Several factors influence the overall machine time costs, including the type of machine, the material being spun, the part complexity, machine efficiency, and the machine’s maintenance costs.In this section, we will break down the key factors that contribute to machine time costs in metal spinning and how to calculate them.

1. Machine Type and Hourly Rate

The type of machine used for the spinning process plays a significant role in determining machine time costs. There are two main categories of machines used in metal spinning: manual machines and computer numerical control (CNC) machines.

• Manual Machines: Manual metal spinning machines are operated by skilled workers who control the process by hand. These machines are generally less expensive to purchase and operate compared to CNC machines, but they require more labor and can take longer to complete parts. The operational cost of a manual machine is typically lower, but the labor intensity means that additional labor costs must be factored into the overall price.
• CNC Machines: CNC (computer numerical control) machines are automated and controlled by a computer program. These machines are more precise, efficient, and can handle complex geometries with greater consistency. CNC machines are typically faster than manual machines and require less labor input once they are set up. However, the cost to operate a CNC machine is generally higher due to the greater investment in machinery, software, and technology.

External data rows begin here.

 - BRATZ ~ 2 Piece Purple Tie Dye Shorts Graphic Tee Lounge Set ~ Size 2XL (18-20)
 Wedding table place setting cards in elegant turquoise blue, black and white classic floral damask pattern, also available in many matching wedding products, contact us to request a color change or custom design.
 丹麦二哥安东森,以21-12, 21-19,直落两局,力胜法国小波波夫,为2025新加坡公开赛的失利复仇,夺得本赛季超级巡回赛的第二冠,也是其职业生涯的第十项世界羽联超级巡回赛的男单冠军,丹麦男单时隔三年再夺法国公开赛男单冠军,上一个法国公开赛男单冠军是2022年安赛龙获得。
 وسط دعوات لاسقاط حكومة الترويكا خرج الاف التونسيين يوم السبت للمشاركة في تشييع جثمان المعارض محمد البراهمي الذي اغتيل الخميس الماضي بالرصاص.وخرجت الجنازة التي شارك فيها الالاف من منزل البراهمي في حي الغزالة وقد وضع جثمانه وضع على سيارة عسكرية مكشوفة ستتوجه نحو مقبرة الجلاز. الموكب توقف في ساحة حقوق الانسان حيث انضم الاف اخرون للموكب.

To calculate machine time costs, manufacturers first need to determine the hourly rate of the machine. This rate typically includes several elements:

• Depreciation: The machine’s cost is depreciated over its expected lifespan, which is factored into the hourly operating rate.
• Power Consumption: The electricity required to run the machine and any auxiliary systems, such as cooling or air compression, is factored into the cost.
• Maintenance Costs: Machines need regular maintenance and occasional repairs. These costs are distributed over the expected hours of machine usage.
• Operator Time: Even though CNC machines require less manual labor, there is still a need for an operator to oversee the process, make adjustments, and address any issues that arise. The operator’s wage is included in the overall machine time cost.
• Tooling: CNC machines often require specialized tooling, such as cutting tools, molds, and inserts, which have a limited lifespan. Tooling costs are also incorporated into the machine time rate.

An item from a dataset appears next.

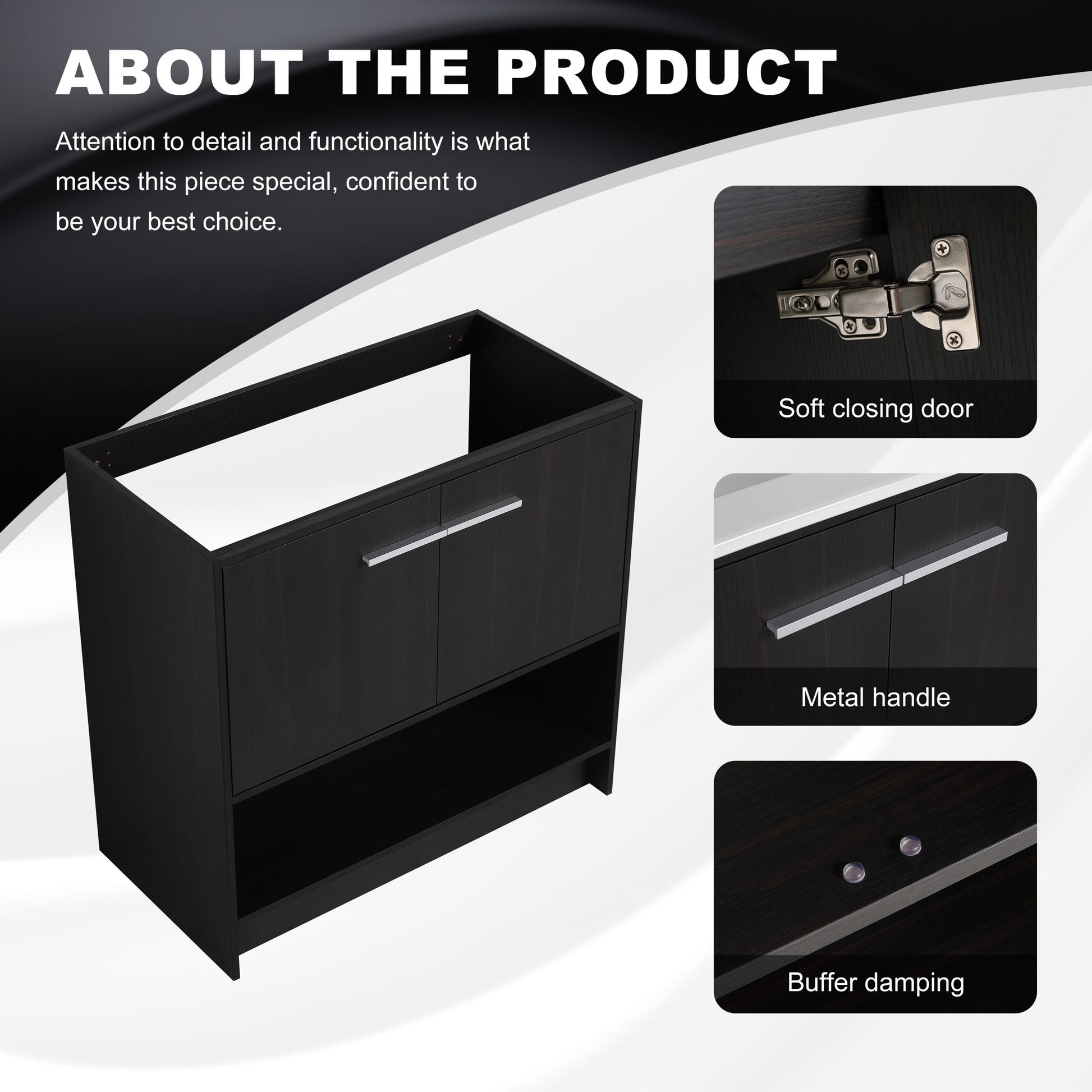 Modern Freestanding Bathroom Vanity With 2 Doors (Excluding Sink) - Black Oak
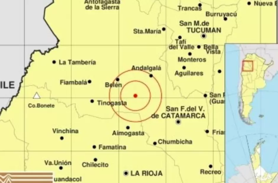 El fenómeno tuvo su epicentro en una zona ubicada a 51 kilómetros al sureste de Belén, a 54 kilómetros al suroeste de Andalgalá y a 69 kilómetros al norte de Aimogasta, lo que explica que haya sido percibido en un radio relativamente amplio.

Once the total operational costs are calculated, the hourly machine rate can be established. For example, if the total cost of operating a machine is calculated at $100 per hour, then the machine time cost for 5 hours of operation would be:

Machine Time Cost=5hours×100USD/hour=500USD

Machine Utilization and Efficiency

Machine utilization refers to how much of the machine’s available time is being actively used for production. In high-efficiency settings, machines operate at or near their full capacity, resulting in lower costs per part. However, if the machine is running at less than full capacity, the cost per part increases because the overhead of the machine (depreciation, maintenance, power) is not being distributed across as many parts.

Several factors can influence machine efficiency:

• Part Complexity: More complex parts with intricate shapes or tight tolerances will generally take longer to spin than simpler parts. This increased time translates into higher machine time costs.
• Material Type: The hardness and workability of the material being spun affect machine time. For example, titanium or high-strength alloys may take longer to spin compared to softer materials like aluminum.
• Machine Setup: The time required to set up the machine for each batch of parts, especially in the case of CNC machines, also contributes to machine time costs. Setups for complex parts can be time-consuming, and if the setup time is high, the overall machine cost per part increases.
• Cycle Time: The cycle time refers to the time it takes to complete one part. Factors that impact cycle time include the size of the part, material properties, machine speed, and whether the machine is running at optimal efficiency.

To calculate machine time cost accurately, the total cycle time (in hours or minutes) for producing one part must be known. The total machine time is calculated as:

Total Machine Time=Cycle Time per Part×Number of Parts

For example, if the cycle time per part is 15 minutes and the job involves producing 50 parts, the total machine time is:

Total Machine Time=15minutes×50parts=750minutes=12.5hours

Once the total machine time is determined, the machine time cost can be calculated by multiplying by the hourly rate of the machine.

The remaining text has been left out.